Gross mortgage lending for December 2006 was the highest on record for the month, according to figures from the Council of Mortgage Lenders (CML).
Despite a 14% drop from November's all-time high of £33.2billion, the figure was still a massive £28.6 billion – they highest ever recorded for December. First time buyers accounted for 36% of all mortgages – up by 1% from 2005 - and there was an 11% increase in the number of mortgages for people moving house.
But the data also showed that first time buyers were being stretched more than ever, having to pay 3.31 times their salaries for their homes, with nearly 18% of their incomes going on mortgage payments.
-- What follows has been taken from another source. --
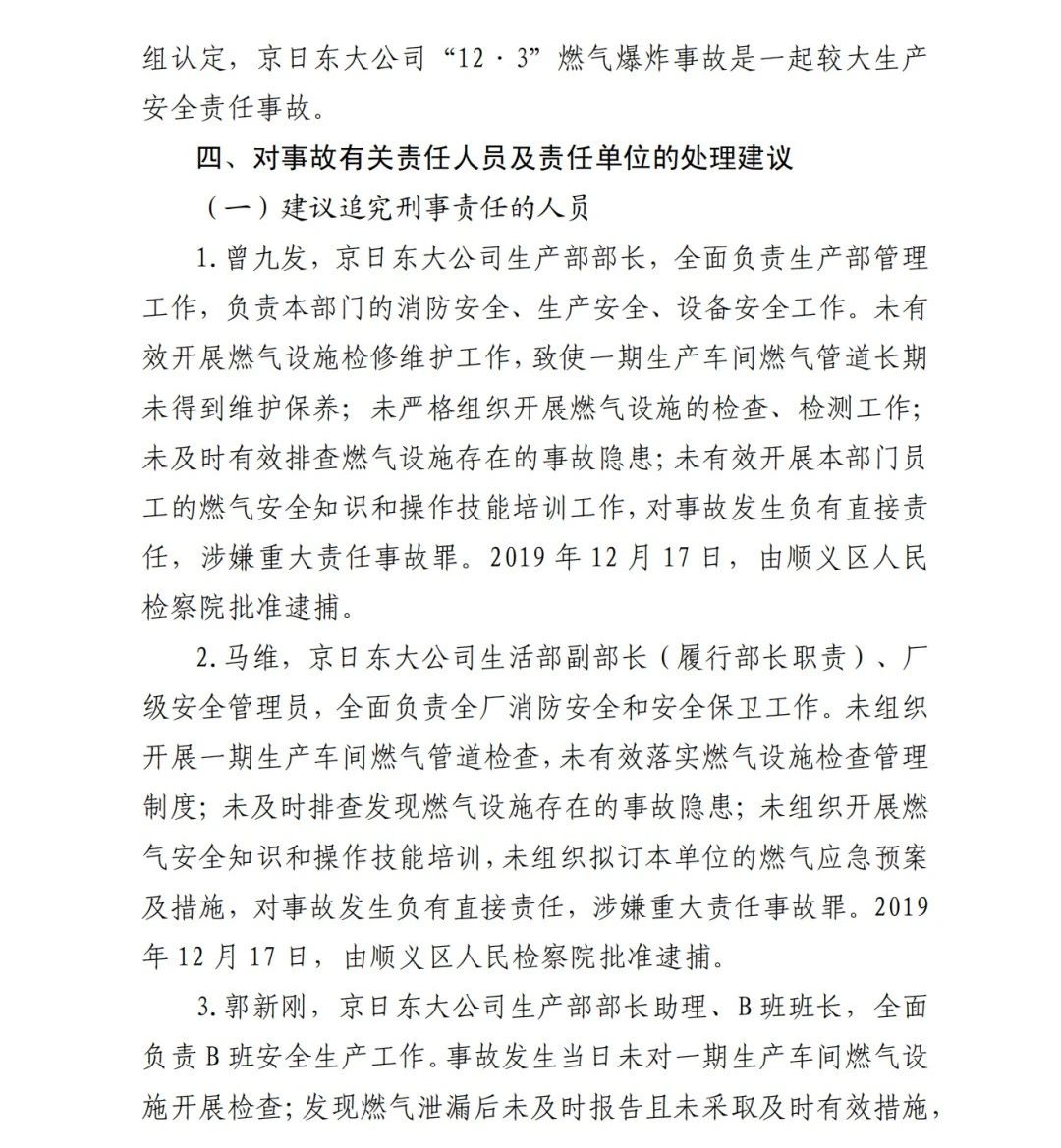 2.馬維,京日東大公司生活部副部長(履行部長職責(zé))、廠級安全管理員,全面負(fù)責(zé)全廠消防安全和安全保衛(wèi)工作。未組織開展一期生產(chǎn)車間燃?xì)夤艿罊z查,未有效落實(shí)燃?xì)庠O(shè)施檢查管理制度;未及時(shí)排查發(fā)現(xiàn)燃?xì)庠O(shè)施存在的事故隱患;未組織開展燃?xì)獍踩R和操作技能培訓(xùn),未組織擬訂本單位的燃?xì)鈶?yīng)急預(yù)案及措施,對事故發(fā)生負(fù)有直接責(zé)任,涉嫌重大責(zé)任事故罪。2019 年 12 月 17 日,由順義區(qū)人民檢察院批準(zhǔn)逮捕。

And most were caught out by stamp duty - only 41% of first-time buyer mortgages were on properties below the £125,000 stamp duty threshold - down from 44% in October and November, and down from around 50% from when the new threshold was set.
And the rising house prices and general worsening affordability of first time buyers and other home owners meant fixed rate deals remained popular throughout the year, with two thirds of all of those buying or remortgaging in 2006 choosing a fixed rate deal, up from 50% in 2005.
CML Director General Michael Coogan said: "The monthly figures clearly show the cumulative effects of the gradual worsening in affordability for first-time buyers - and the ever-rising proportion of them who are caught by stamp duty.
"Although the mortgage market performed extremely well in 2006, the effect of rising interest rates and the continuing decline in affordability are likely to dampen activity somewhat in 2007."